::: Provided records :::

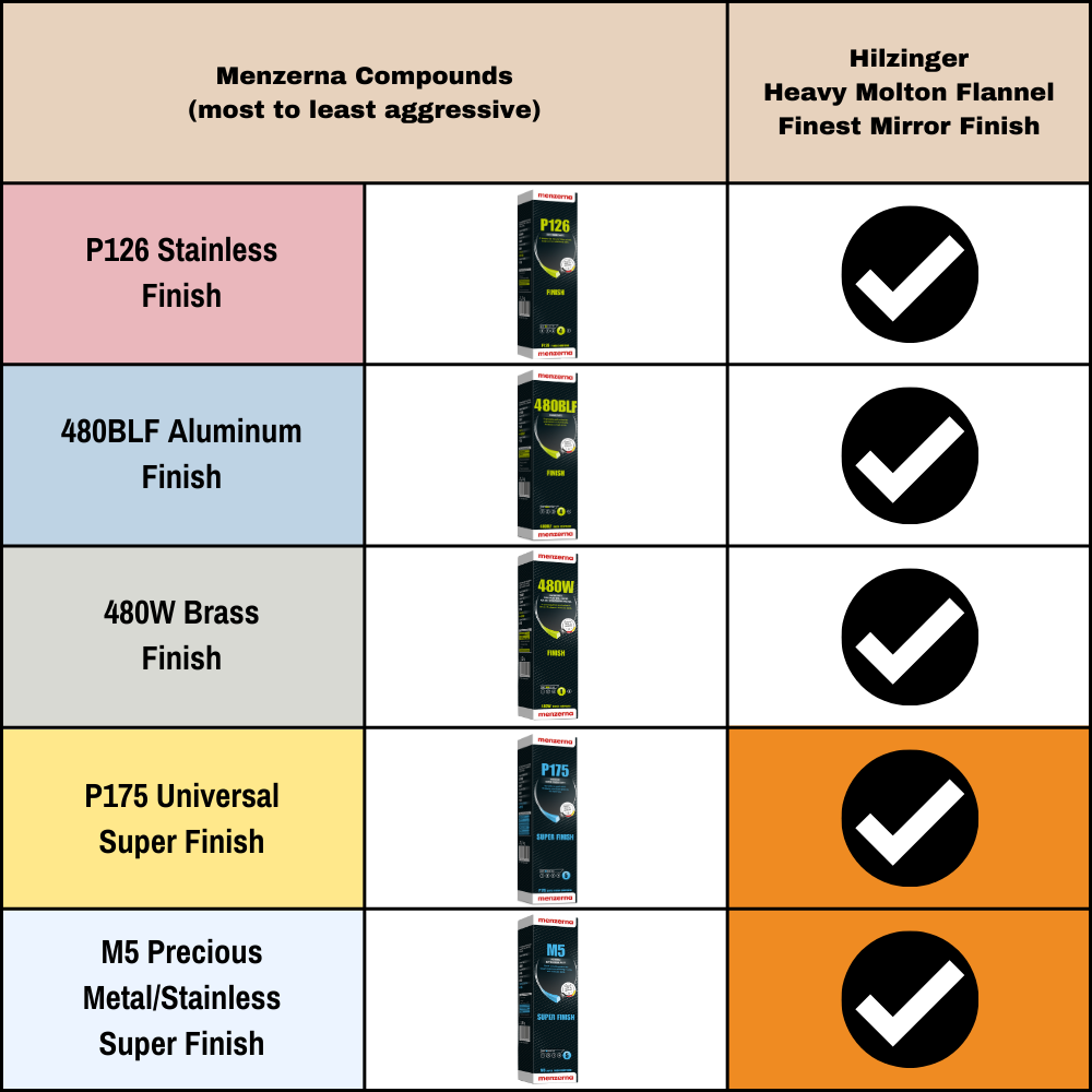 Hilzinger-Thum has been making buffing and grinding tools for over 120 years and is one of the few companies recommended by Menzerna for buffing wheels. Using the highest quality raw materials available, Hilzinger America in Ohio continues their tradition by producing customized buffing wheels for Spectrum.
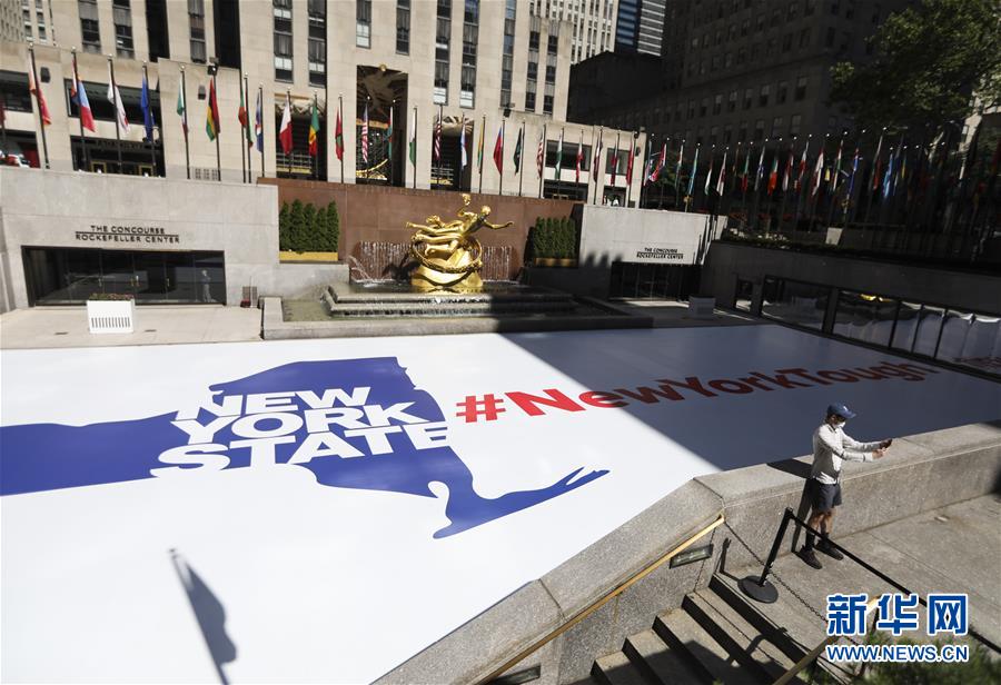 6月22日,在美國紐約洛克菲勒中心,一名男子在寫有“紐約堅強”字樣的廣場自拍。美國約翰斯·霍普金斯大學22日發(fā)布的新冠疫情最新統(tǒng)計數(shù)據(jù)顯示,美國累計死亡病例超過12萬例。新華社記者王迎攝
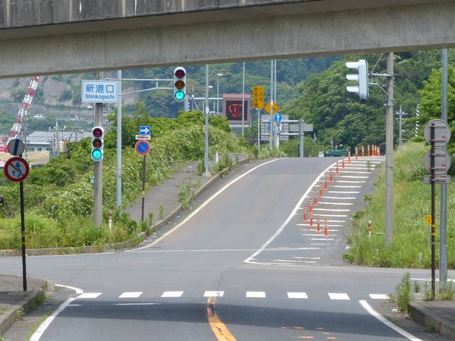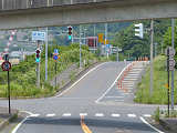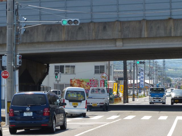 それら悪条件が重なったのがこの交差点です。交差点手前のカーブを走行中はまったく灯器が見えません。さらに悪いことに、連続交差点で手前の交差点の信号と奥の交差点の信号が異なるため、誤って奥の交差点の青信号を見て、手前の交差点に進入してしまうおそれがあり大変危険です。
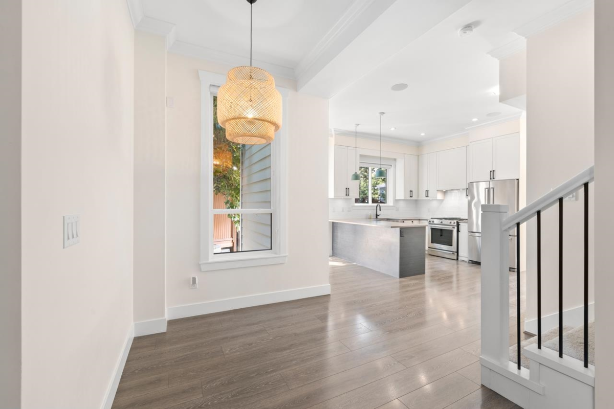 Welcome to Marca - an exclusive enclave of MEGA SIZED townhomes in the heart of South Surrey, where timeless architecture meets modern coastal elegance. This rare END unit & former SHOWHOME offers over 2,800 sq. ft. of thoughtfully designed living space in the most private location within the community. Featuring 4 spacious bedrooms-including a vaulted-ceiling primary retreat-a fully finished bsmnt w/ custom bar & a light-filled open-concept great room, this home is perfect for both entertaining and quiet moments. Enjoy a walk-out yard, upstairs patios, CENTRAL HEATING & A/C, a chefs kitchen w/ premium SS gas appliances, & a double side-by-side garage. Minutes to White Rock Beach, top schools, parks, shopping & transit-this MOVE-IN READY home combines privacy, sophistication & convenience.
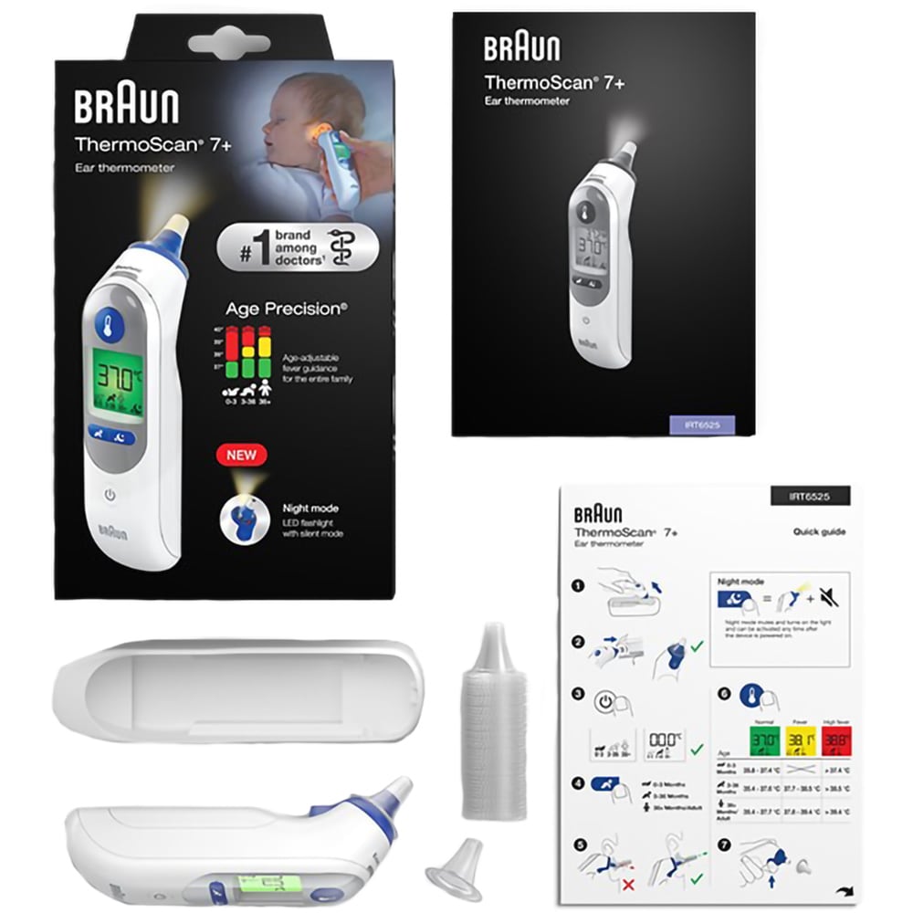 Termometru auricular BRAUN Thermoscan 7+ TOW018629, night mode, alb-albastru
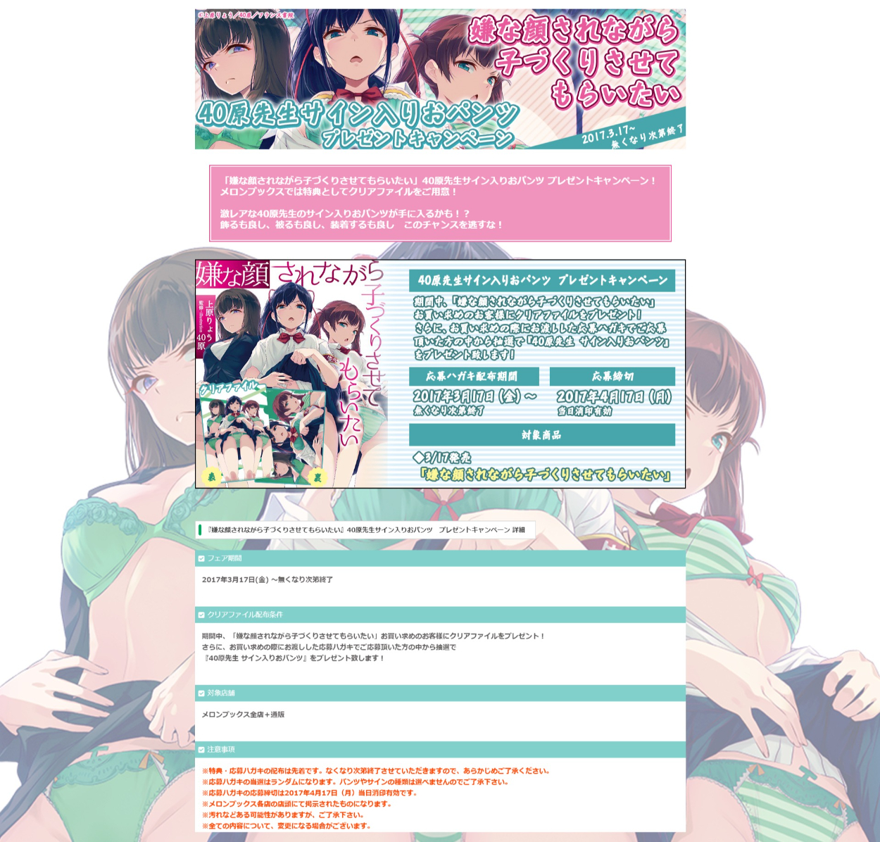 「嫌な顔されながらおパンツ見せてもらいたい」サイン会特設 knitor Webデザイナー、フロントエンドエンジニア OVERVIEW 「嫌な顔されながらおパンツ見せてもらいたい」サイン会特設のデザイン、コーディングを担当しました。 YEAR 2017 「嫌な顔されながらおパンツ見せてもらいたい」サイン会特設のデザイン、コーディングを担当しました。
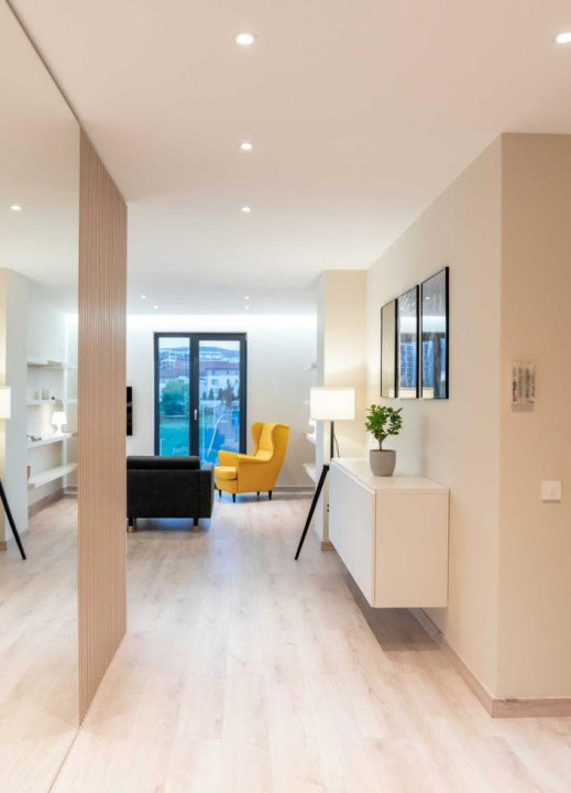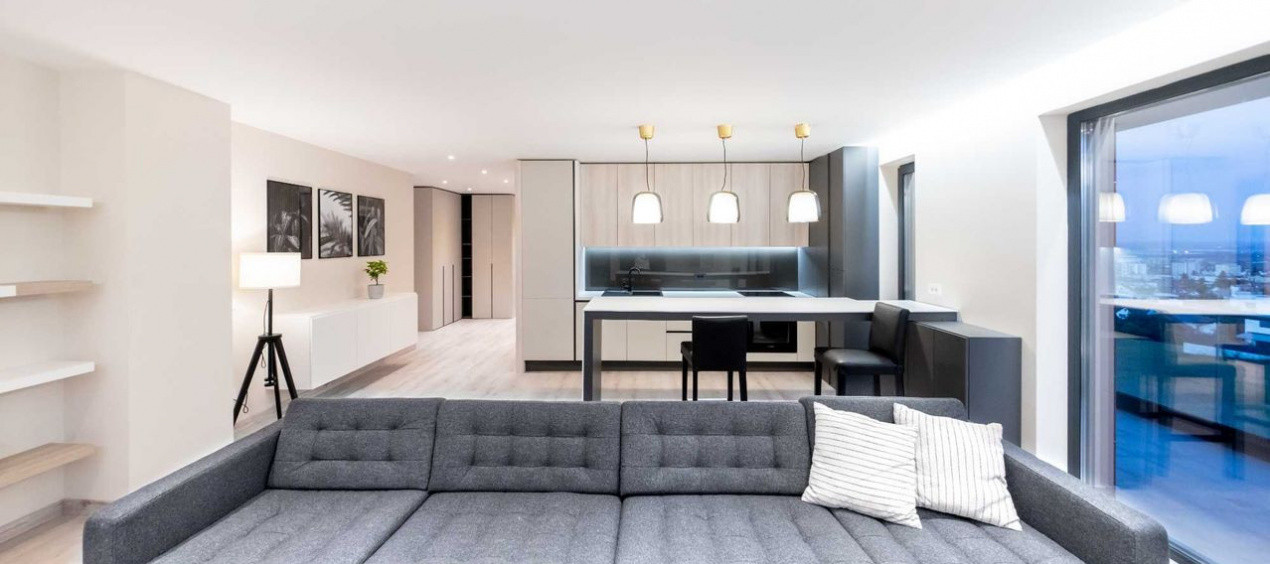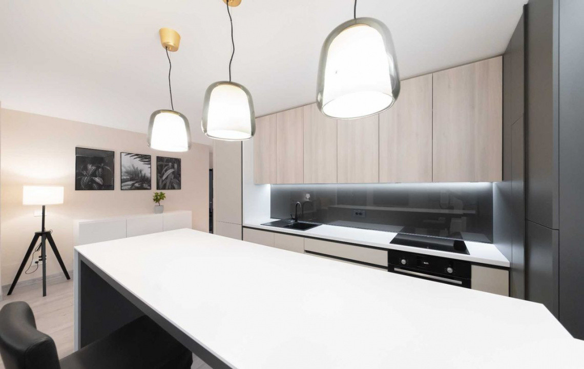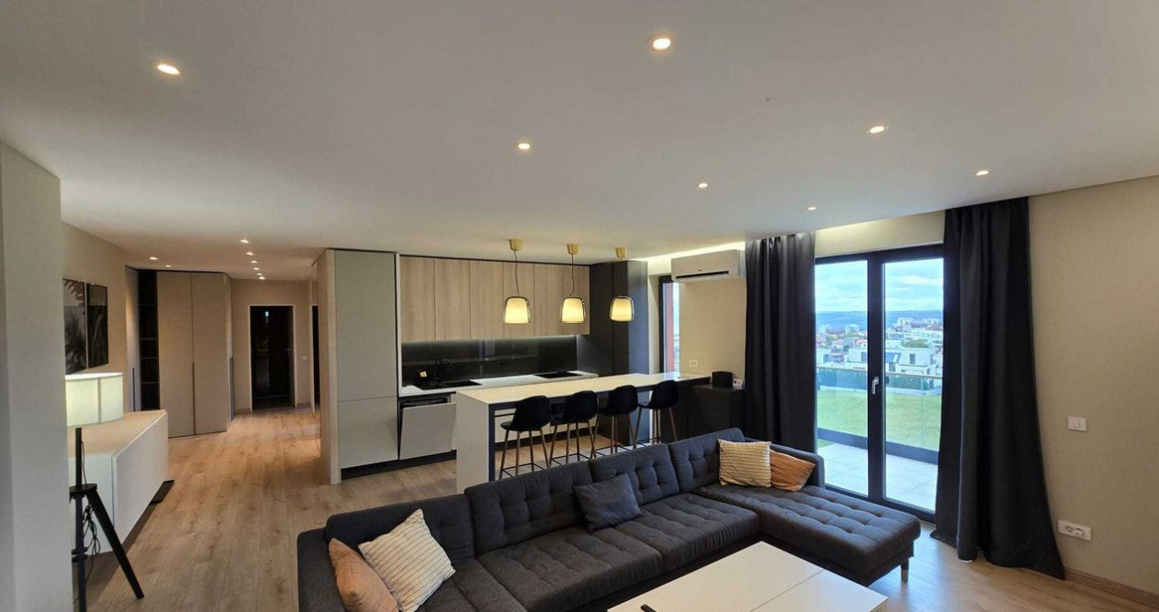 Apartamentul este finisat modern si complet mobilat/utilat, compartimentat astfel: 2 dormitoare, living, bucatarie, 2 bai, hol si terasa.
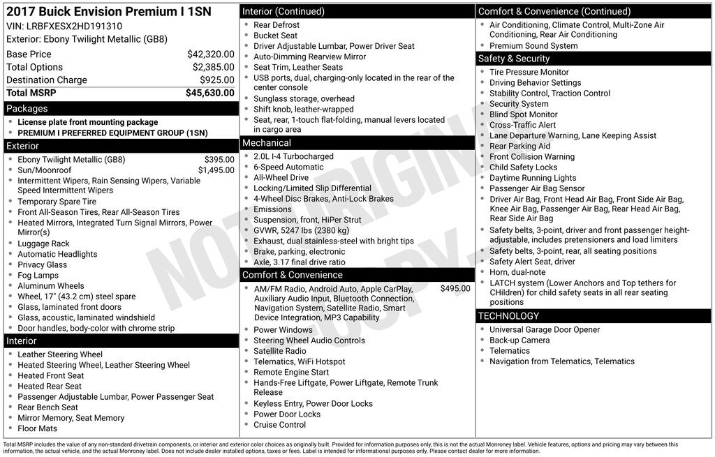 Ebony Twilight Metallic 2017 Buick Envision Premium I AWD 6-Speed Automatic 2.0L 4-Cylinder DGI DOHC VVT Turbocharged

:::

## What you should do
From the first line to the last, repeat the data above exactly and leave the pictures out.

## Answer to this problem
 Hilzinger-Thum has been making buffing and grinding tools for over 120 years and is one of the few companies recommended by Menzerna for buffing wheels. Using the highest quality raw materials available, Hilzinger America in Ohio continues their tradition by producing customized buffing wheels for Spectrum.
 6月22日,在美國紐約洛克菲勒中心,一名男子在寫有“紐約堅強”字樣的廣場自拍。美國約翰斯·霍普金斯大學22日發(fā)布的新冠疫情最新統(tǒng)計數(shù)據(jù)顯示,美國累計死亡病例超過12萬例。新華社記者王迎攝
 それら悪条件が重なったのがこの交差点です。交差点手前のカーブを走行中はまったく灯器が見えません。さらに悪いことに、連続交差点で手前の交差点の信号と奥の交差点の信号が異なるため、誤って奥の交差点の青信号を見て、手前の交差点に進入してしまうおそれがあり大変危険です。
 Welcome to Marca - an exclusive enclave of MEGA SIZED townhomes in the heart of South Surrey, where timeless architecture meets modern coastal elegance. This rare END unit & former SHOWHOME offers over 2,800 sq. ft. of thoughtfully designed living space in the most private location within the community. Featuring 4 spacious bedrooms-including a vaulted-ceiling primary retreat-a fully finished bsmnt w/ custom bar & a light-filled open-concept great room, this home is perfect for both entertaining and quiet moments. Enjoy a walk-out yard, upstairs patios, CENTRAL HEATING & A/C, a chefs kitchen w/ premium SS gas appliances, & a double side-by-side garage. Minutes to White Rock Beach, top schools, parks, shopping & transit-this MOVE-IN READY home combines privacy, sophistication & convenience.
 Termometru auricular BRAUN Thermoscan 7+ TOW018629, night mode, alb-albastru
 「嫌な顔されながらおパンツ見せてもらいたい」サイン会特設 knitor Webデザイナー、フロントエンドエンジニア OVERVIEW 「嫌な顔されながらおパンツ見せてもらいたい」サイン会特設のデザイン、コーディングを担当しました。 YEAR 2017 「嫌な顔されながらおパンツ見せてもらいたい」サイン会特設のデザイン、コーディングを担当しました。
 Apartamentul este finisat modern si complet mobilat/utilat, compartimentat astfel: 2 dormitoare, living, bucatarie, 2 bai, hol si terasa.
 Ebony Twilight Metallic 2017 Buick Envision Premium I AWD 6-Speed Automatic 2.0L 4-Cylinder DGI DOHC VVT Turbocharged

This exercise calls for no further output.